Madeleine's hueless face was overspread with a brilliant glow as she cast upon Maurice one hasty look of gratitude.
"I speak what I mean. Madeleine cannot, without sacrificing her self-respect, accept hospitality which is not freely given,—protection which is unwillingly accorded. She cannot remain here as an inferior,—a dependent; one who is under daily obligation,—who is merely tolerated because she has no other place of refuge. My father, there is only one position in which she can remain in the Château de Gramont, and that is as an equal; as its future mistress; as your daughter; as my wife!"
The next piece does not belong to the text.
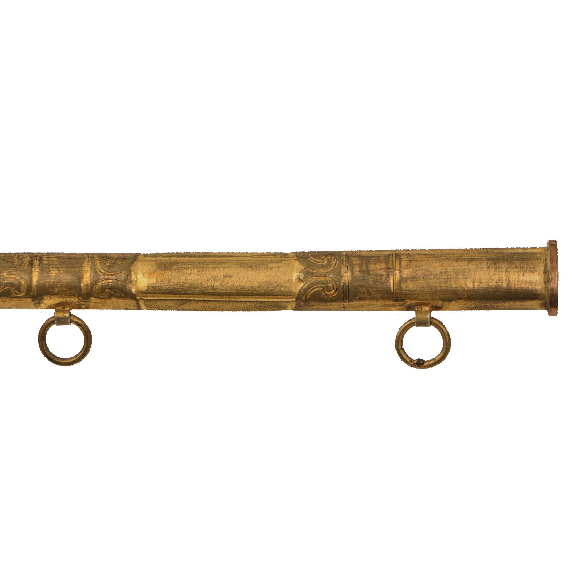 There are no markings on the ricassos, and the blade is a small bit curved. The scabbard is in good order with both suspension rings.

The countess was stricken dumb with rage; and a sudden revulsion of feeling toward the shrinking girl, whose deep blushes she interpreted into a token of exultation, made her almost as willing to drive her forth, no matter whither, as her son himself.
Bertha, with an exclamation of delight, flung her arms joyfully about Madeleine's neck.
"Maurice, are you mad? Do you forget that you are my son?" was all that the count could gasp out, in his indignant amazement.
"It is as your son that I speak; it is as the inheritor of your name,—that name which Madeleine also bears."
"You seem to have forgotten"—began his father.
Maurice interrupted him,—
"I have not forgotten that I have not reached my majority, and that your consent is necessary to render Madeleine my wife."
(Our readers are doubtless aware that the law in France fixes the majority of a young man at twenty-five, and that he has no power to contract marriage or to control property until that period.)